## Task statement
Type out the lines below exactly, from the first through the line holding "陽春三月,桃之夭夭。在崇信縣", and include no pictures.

--------------------------------

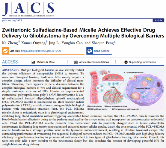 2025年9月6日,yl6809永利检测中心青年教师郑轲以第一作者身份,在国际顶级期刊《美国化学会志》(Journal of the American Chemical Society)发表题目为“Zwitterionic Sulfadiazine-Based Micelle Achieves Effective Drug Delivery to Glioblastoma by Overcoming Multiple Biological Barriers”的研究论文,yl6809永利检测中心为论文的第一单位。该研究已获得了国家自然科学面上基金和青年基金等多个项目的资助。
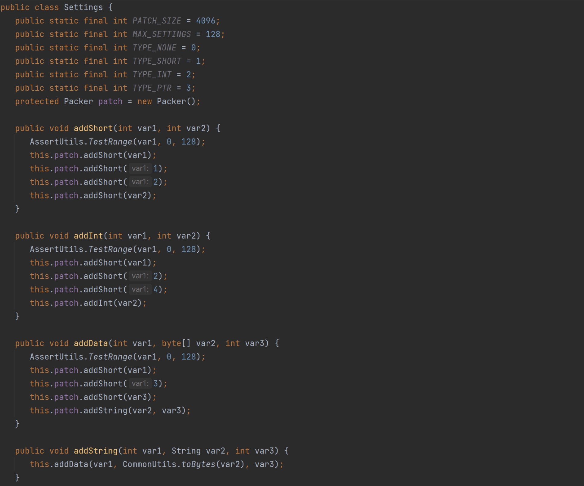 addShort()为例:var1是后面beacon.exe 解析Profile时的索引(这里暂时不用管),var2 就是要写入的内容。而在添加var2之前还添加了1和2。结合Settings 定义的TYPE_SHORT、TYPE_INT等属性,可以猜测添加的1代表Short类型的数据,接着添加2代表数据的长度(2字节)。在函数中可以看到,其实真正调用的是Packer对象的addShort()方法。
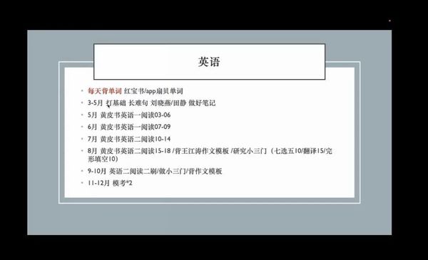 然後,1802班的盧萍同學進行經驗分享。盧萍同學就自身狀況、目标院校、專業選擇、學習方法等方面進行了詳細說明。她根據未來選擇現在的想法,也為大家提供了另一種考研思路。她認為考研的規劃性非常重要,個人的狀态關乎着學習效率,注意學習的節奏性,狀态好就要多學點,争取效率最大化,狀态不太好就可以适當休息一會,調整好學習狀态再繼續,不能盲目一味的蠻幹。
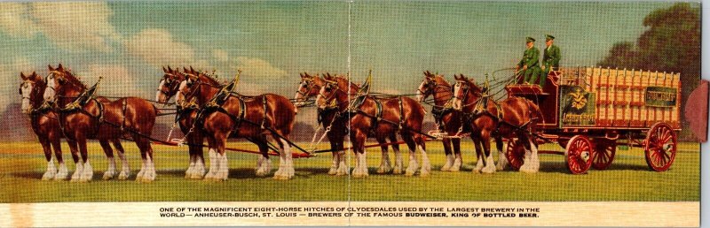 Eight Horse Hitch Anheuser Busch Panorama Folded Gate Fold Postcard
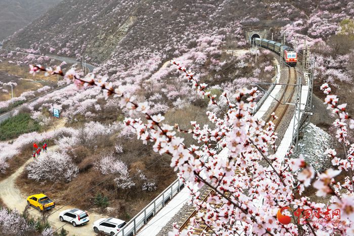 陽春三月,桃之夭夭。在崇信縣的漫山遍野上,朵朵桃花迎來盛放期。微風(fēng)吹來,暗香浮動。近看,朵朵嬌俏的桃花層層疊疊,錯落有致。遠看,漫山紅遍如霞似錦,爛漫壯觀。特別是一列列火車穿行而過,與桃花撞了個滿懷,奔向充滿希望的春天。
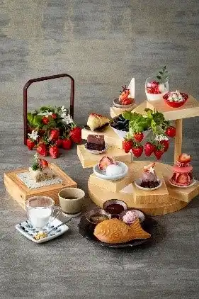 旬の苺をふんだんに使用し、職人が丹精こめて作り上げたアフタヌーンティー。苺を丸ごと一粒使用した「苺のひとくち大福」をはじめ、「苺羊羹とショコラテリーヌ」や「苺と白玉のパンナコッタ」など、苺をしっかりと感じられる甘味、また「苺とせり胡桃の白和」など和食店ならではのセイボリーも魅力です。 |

--------------------------------

## Solution to the problem
 2025年9月6日,yl6809永利检测中心青年教师郑轲以第一作者身份,在国际顶级期刊《美国化学会志》(Journal of the American Chemical Society)发表题目为“Zwitterionic Sulfadiazine-Based Micelle Achieves Effective Drug Delivery to Glioblastoma by Overcoming Multiple Biological Barriers”的研究论文,yl6809永利检测中心为论文的第一单位。该研究已获得了国家自然科学面上基金和青年基金等多个项目的资助。
 addShort()为例:var1是后面beacon.exe 解析Profile时的索引(这里暂时不用管),var2 就是要写入的内容。而在添加var2之前还添加了1和2。结合Settings 定义的TYPE_SHORT、TYPE_INT等属性,可以猜测添加的1代表Short类型的数据,接着添加2代表数据的长度(2字节)。在函数中可以看到,其实真正调用的是Packer对象的addShort()方法。
 然後,1802班的盧萍同學進行經驗分享。盧萍同學就自身狀況、目标院校、專業選擇、學習方法等方面進行了詳細說明。她根據未來選擇現在的想法,也為大家提供了另一種考研思路。她認為考研的規劃性非常重要,個人的狀态關乎着學習效率,注意學習的節奏性,狀态好就要多學點,争取效率最大化,狀态不太好就可以适當休息一會,調整好學習狀态再繼續,不能盲目一味的蠻幹。
 Eight Horse Hitch Anheuser Busch Panorama Folded Gate Fold Postcard
 陽春三月,桃之夭夭。在崇信縣的漫山遍野上,朵朵桃花迎來盛放期。微風(fēng)吹來,暗香浮動。近看,朵朵嬌俏的桃花層層疊疊,錯落有致。遠看,漫山紅遍如霞似錦,爛漫壯觀。特別是一列列火車穿行而過,與桃花撞了個滿懷,奔向充滿希望的春天。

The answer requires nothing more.